Step 4: Write the Skill (with Built-in Optimization)

This step creates SKILL.md following all 9 optimization dimensions from the start. Write using imperative form.

4a. Write Frontmatter (D1: Trigger Precision)

The description field is the only content always loaded. It determines whether the skill triggers at all. Issue #9716 (69👍) documents skills ignored because descriptions lacked trigger phrases.

Three-part formula:

# BAD — vague, no triggers
description: Helps with PDF operations

# GOOD — capabilities + trigger scenarios + keywords
description: >
  Create, edit, and analyze PDF documents with form filling,
  text extraction, and page manipulation. Use when: (1) Creating PDFs,
  (2) Extracting text or form data, (3) Rotating/merging pages,
  (4) Converting PDFs to images. Trigger: "pdf", "rotate pdf",
  "merge pdf", "extract text", "fill form"

Only name and description fields allowed in frontmatter.

4b.
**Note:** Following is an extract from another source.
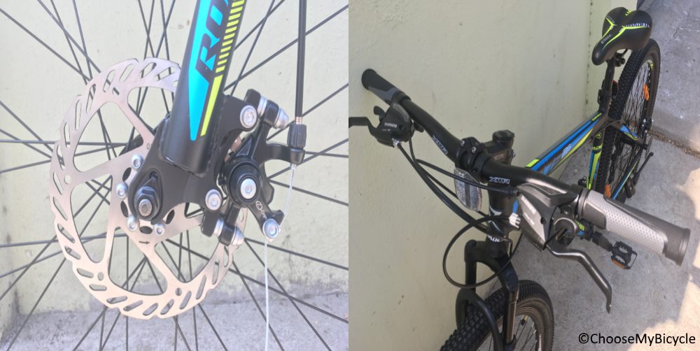 This hardtail Urban MTB that I test rode came in a full Black frame with Blue and Neon Green as the secondary colours for graphics and text. The matte finish paint job was smooth and top notch in quality. The wide handlebar, heavily treaded tires and bulky bottom tube gave the bicycle full-fledged MTB characteristics. The colour coded rims and saddle enhanced the aesthetic s of this bicycle.

Write Body Sections (D3: Structure)

Separate content types with Markdown headings:

## Workflow
[Numbered steps — see D4 below]

## Constraints
[Specific, measurable rules — see D5 below]

## Examples
[Concrete user request → agent behavior — see D6 below]

## Verification
[Success criteria and how to check — see D7 below]

## Resources
[Links to references/ — see D9 below]

4c. Write Workflows (D4: Step Decomposition)
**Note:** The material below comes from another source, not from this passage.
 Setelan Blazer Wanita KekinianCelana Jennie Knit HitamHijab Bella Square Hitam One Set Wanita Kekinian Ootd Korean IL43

Research (CoM, ACL 2025; Watch Every Step, EMNLP 2024) proves numbered steps with decision points outperform free-form descriptions.
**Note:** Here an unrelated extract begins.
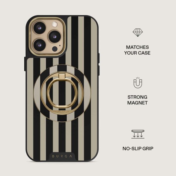 Denne magnetiske mobilring fastgøres med et tilfredsstillende klik – uden lim og uden besvær. Hold den, når du vil rulle med én hånd, brug den som en praktisk holder, når du vil se uden at bruge hænderne, eller som et stilfuldt tilbehør, der passer perfekt til din BURGA-etui.

# BAD — paragraph description
Process the document by extracting key fields and validating them
against the schema, then generating a report.

# GOOD — numbered steps with branching
## Workflow

1. **Extract**: Read document, extract fields in `references/schema.md`
2. **Validate**: Check each field against schema rules
   - If valid → proceed to step 3
   - If invalid → report specific errors, suggest fixes, STOP
3. **Transform**: Run `scripts/transform.py --input <extracted.json>`
4. **Report**: Generate output using `assets/report-template.md`
5. **Verify**: Confirm output contains all required sections

4d. Write Constraints (D5: Positive Framing)

Inverse IFEval (ByteDance, 2025, 1012 test cases) proves positive constraints are followed significantly more reliably. Constraint Decomposition (2025): 41.2% → 73.8% accuracy when constraints are decomposed.

# BAD — negative constraints
Don't write functions longer than 20 lines.
Never modify files outside the project.
Avoid using deprecated APIs.

# GOOD — positive constraints with specifics
Keep every function under 20 lines. Extract helpers for complex logic.
Only modify files within the target directory specified by the user.
Use APIs from the approved list in `references/api-versions.md`.

For safety-critical rules, keep negative framing but pair with positive alternative:

CRITICAL: Only delete files after explicit user confirmation. (safety negative)
Prefer creating new files over modifying existing ones when possible. (positive alternative)

4e. Write Examples (D6: Example Design)

Cursor official data: Good/Bad examples make rules ~3x more effective. ACL 2025: 1-shot achieves best flexibility/structure balance.

# BAD — abstract
Use the transform script to convert between formats.

# GOOD — concrete "user request → agent behavior"
## Examples

### User: "Convert this CSV to JSON"
→ 1. Run `scripts/transform.py data.csv --output data.json`
→ 2. Verify JSON has keys: `name`, `date`, `amount`
→ 3. Report: "Converted 150 records from CSV to JSON"

### User: "The output has wrong date format"
→ 1. Check current date format in output
→ 2. Add `--date-format ISO8601` flag
→ 3. Re-run and verify dates match `YYYY-MM-DD`

Include 1-3 examples in SKILL.md. For more, create references/examples.md.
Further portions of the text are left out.